Training started at Menengai High in early 1986. The numbers grew when players like Ken Nyangaga, Alfred Toko, Philip Mumusi and Mitu Kainga joined in. At the end of January, Kainga and a few lads went to Nakuru Athletic Club where they met Peter Prinsloo, a previous chairman of the club, the home of the former engine room of East African rugby, Nakuru RFC. Waist high grass had grown over Nakuru’s glory days, when Nakuru was the team to beat. The Lofty Cup, named after ‘Lofty’ Reynolds, Nakuru’s towering second row, was later named the Kenya Cup in 1970. Once a dominant force, the club had shut down when European settlers left the country after Kenya gained independence. In a drawn-out battle with changing times, Nakuru merged with its old foe Kitale, to form Kituru RFC, before retreating again, and calling in all the troops to Naivasha to play as West Kenya Oribis under the motto, “Have boots will travel.”
To oil the wheels of a pending partnership with Nakuru Athletic Club, Coutts Otollo, a founding Mean Machine member, paid membership at NAC for six players. Raphael Korir, the Nakuru Mayor, lent the services of the council mower to lower the grass, and a fledgling Nakuru moved into their new home.
Later that year Mwamba and Kenya Breweries RFC travelled to Nakuru for a weekend of rugby, playing each other on a round-robin basis, Nakuru lost 12-0 to Mwamba and 38-0 to Kenya Breweries.

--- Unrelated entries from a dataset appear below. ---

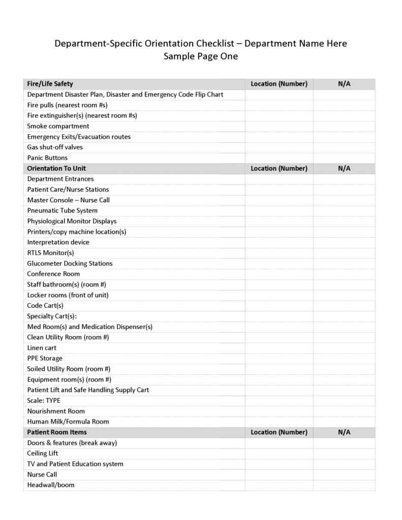 Department-Specific Orientation and Training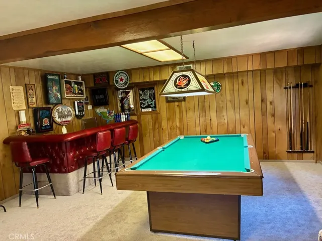 Nestled among the pines of Crestline, this charming mountain retreat provides off-street parking for up to 3 cars. Upon entering the dramatic floor to ceiling stone fireplace warms the spacious living room and its expansive windows, paneled walls and gorgeous open beam ceiling. Newer hard flooring spans the upper level. The original well-maintained kitchen cabinets further emits the cabin feel. Gain access to the walk out 7×24 balcony/deck through the sliding glass doors and enjoy a sweeping view of the woods below. The master bedroom, secondary bedroom and full bath complete the first level. A staircase leads down to the second level…the approx. 425 sq. ft. newly carpeted bonus room boasts a built-in bar, a pool table, plenty of room for seating and a wood burning stove for those cool evenings. The third bedroom and second bathroom is located on this level as well. The washer/dryer is located in the utility room with a pedestrian door to the outdoors. There is plenty of room for storage. Crestline offers an abundance of opportunities for year round outdoor activities…from relaxing at Lake Gregory enjoying all the water sports of swimming, fishing and boat rentals in the summer to skiing the slopes in Big Bear in the winter. Welcome home to your mountain retreat!!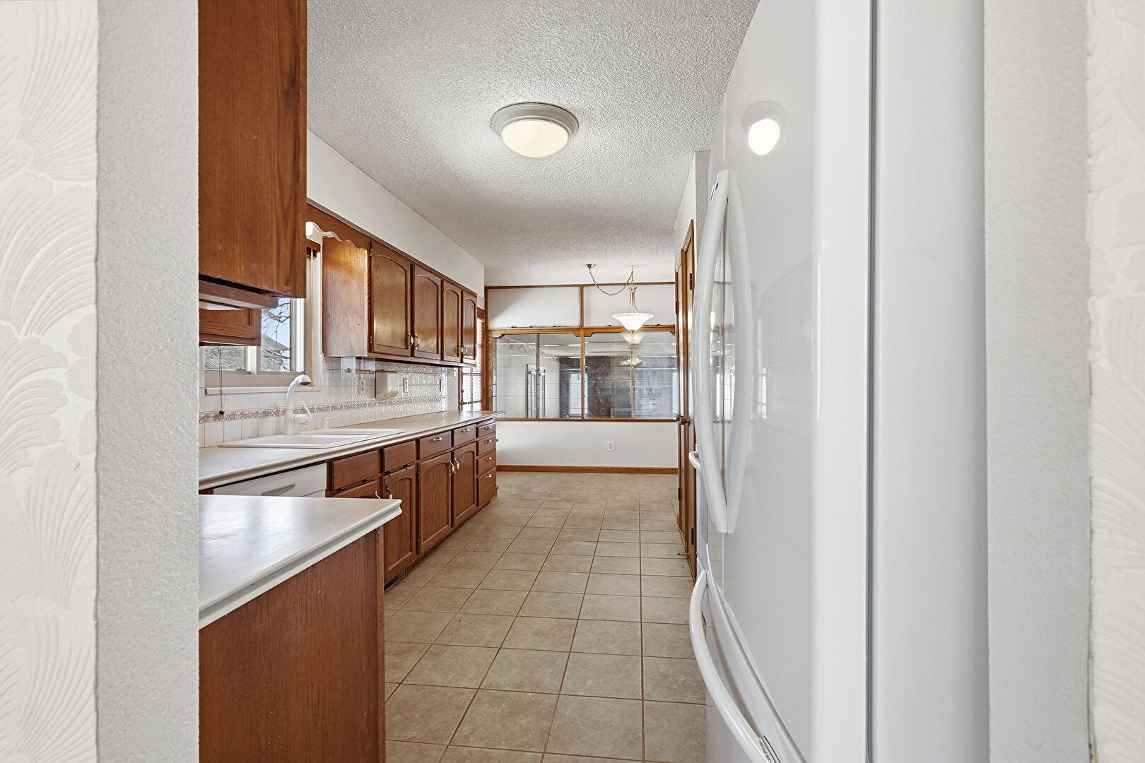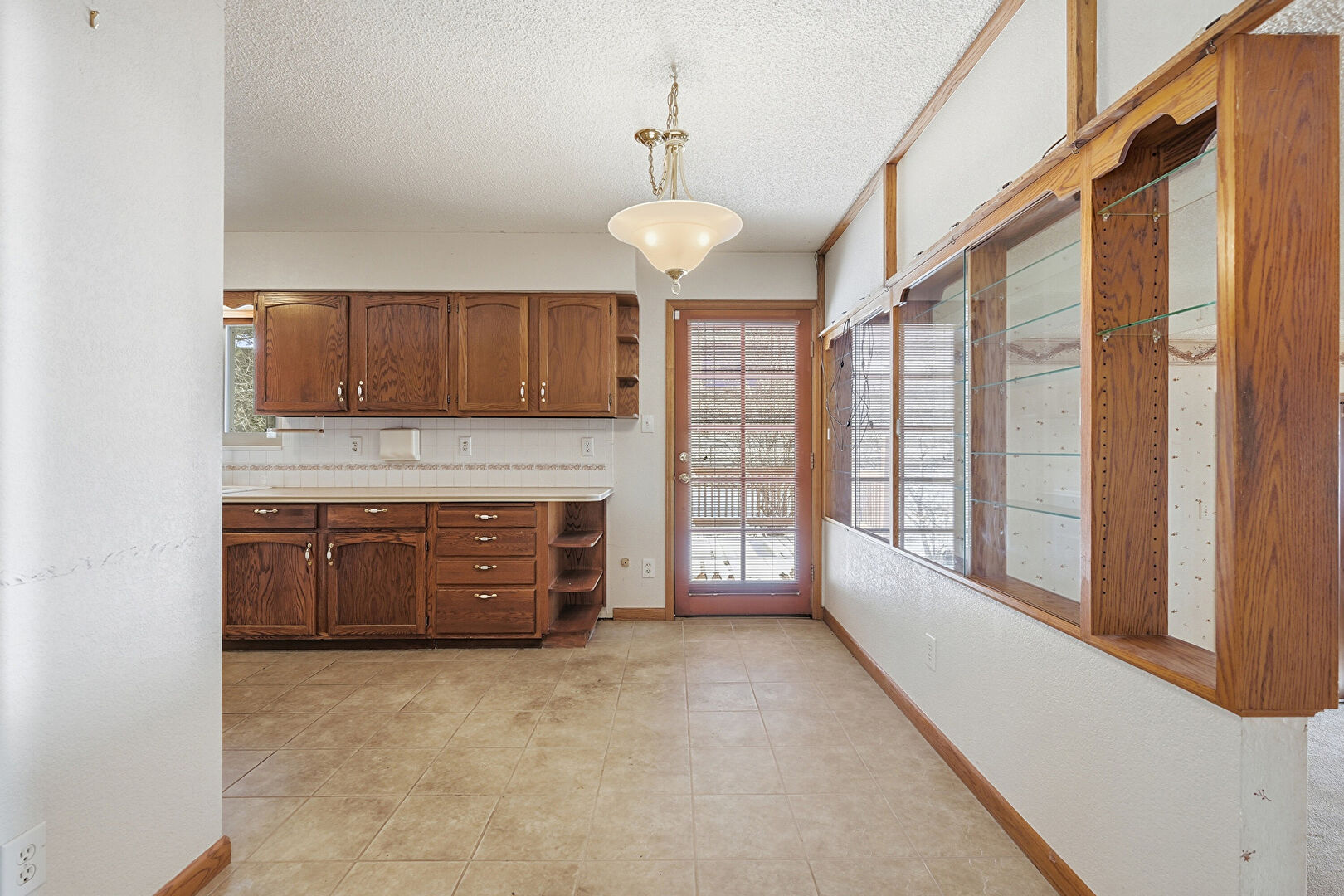 Arched Cabinets, Baseboards Wall, Drywall, Medium Brown Cabinets, Natural Light, Open Shelves, Pendant Lighting, Shaker Cabinets, Textured Ceiling, Tile Floor, Visible Hinge Cabinets, Medium Brown Cabinets, Open Shelves, Pendant Lighting, Textured Ceiling, Tile Floor

A short while later Nakuru travelled to Nairobi to play Impala, losing 7-0, when Disi overran the in-goal. Nakuru’s first try was scored the next day, when Mark Lumula and Elijah ‘Poacher’ Mulwa scored a try each when Nakuru lost 40-8 to Kenya Harlequin. At that time a try counted for four points.
Later, Nakuru hosted a friendly tournament, inviting teams from Nairobi. After a barnstorming post tournament party Nakuru players were kicked out of Nakuru Athletic. But not for long. Nakuru were soon ‘back home.’
Dennis Awori, chairman of the Kenya Rugby Football Union, gifted Nakuru the old Kenya XV playing strip. Kenya traditionally played in green, but Nakuru quickly made the colours their own.